[Stored data entries]
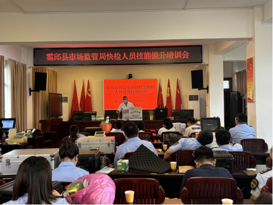 为充分发挥食品快检在食品安全监管中快速排查风险作用,全面提升我县食品安全快检能力。7月11日,霍邱县市场监督管理局开展了食品安全快检室快检人员业务技能培训。各市监所分管负责人及市监所、农贸市场食品安全快检人员共30余人参加了培训。
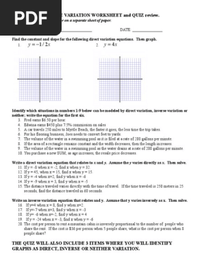 Direct and inverse variation worksheet answer key
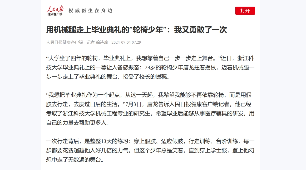 “我想把毕业典礼作为一个起点,从这一天起,我希望我能够不再依靠轮椅,而是用假肢去行走,去度过日后的生活。”7月3日,唐龙告诉人民日报健康客户端记者,他已经考取了米乐mile体育官网机械工程专业的研究生,希望毕业后能够从事医疗辅具的研发,用自己的力量去帮助更多人。
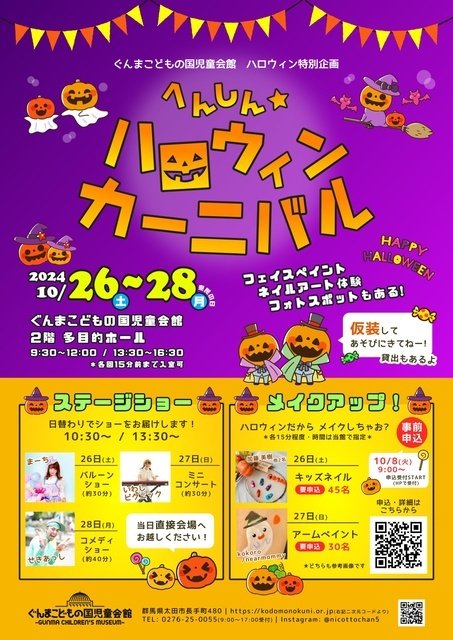 ぐんまこどもの国児童会館で、ハロウィン特別企画「へんしんハロウィンカーニバル」を、10月26日・27日・28日の3日間限定で開催。
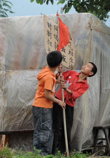 Two boys adjust a wooden pole with a banner reading "Thank you for saving me" outside their shelter in Mianzhu city of Sichuan May 16, 2008. China has mobilized 130,000 troops by Thursday to the disaster area and the first foreign rescue teams, from Japan, Russia, South Korea and Singapore and China's Taiwan have arrived.

WHAT THE EXERCISE ASKS:
What is needed is a verbatim copy of every entry, with the pictures omitted.

OUTPUT BELOW:
 为充分发挥食品快检在食品安全监管中快速排查风险作用,全面提升我县食品安全快检能力。7月11日,霍邱县市场监督管理局开展了食品安全快检室快检人员业务技能培训。各市监所分管负责人及市监所、农贸市场食品安全快检人员共30余人参加了培训。
 Direct and inverse variation worksheet answer key
 “我想把毕业典礼作为一个起点,从这一天起,我希望我能够不再依靠轮椅,而是用假肢去行走,去度过日后的生活。”7月3日,唐龙告诉人民日报健康客户端记者,他已经考取了米乐mile体育官网机械工程专业的研究生,希望毕业后能够从事医疗辅具的研发,用自己的力量去帮助更多人。
 ぐんまこどもの国児童会館で、ハロウィン特別企画「へんしんハロウィンカーニバル」を、10月26日・27日・28日の3日間限定で開催。
 Two boys adjust a wooden pole with a banner reading "Thank you for saving me" outside their shelter in Mianzhu city of Sichuan May 16, 2008. China has mobilized 130,000 troops by Thursday to the disaster area and the first foreign rescue teams, from Japan, Russia, South Korea and Singapore and China's Taiwan have arrived.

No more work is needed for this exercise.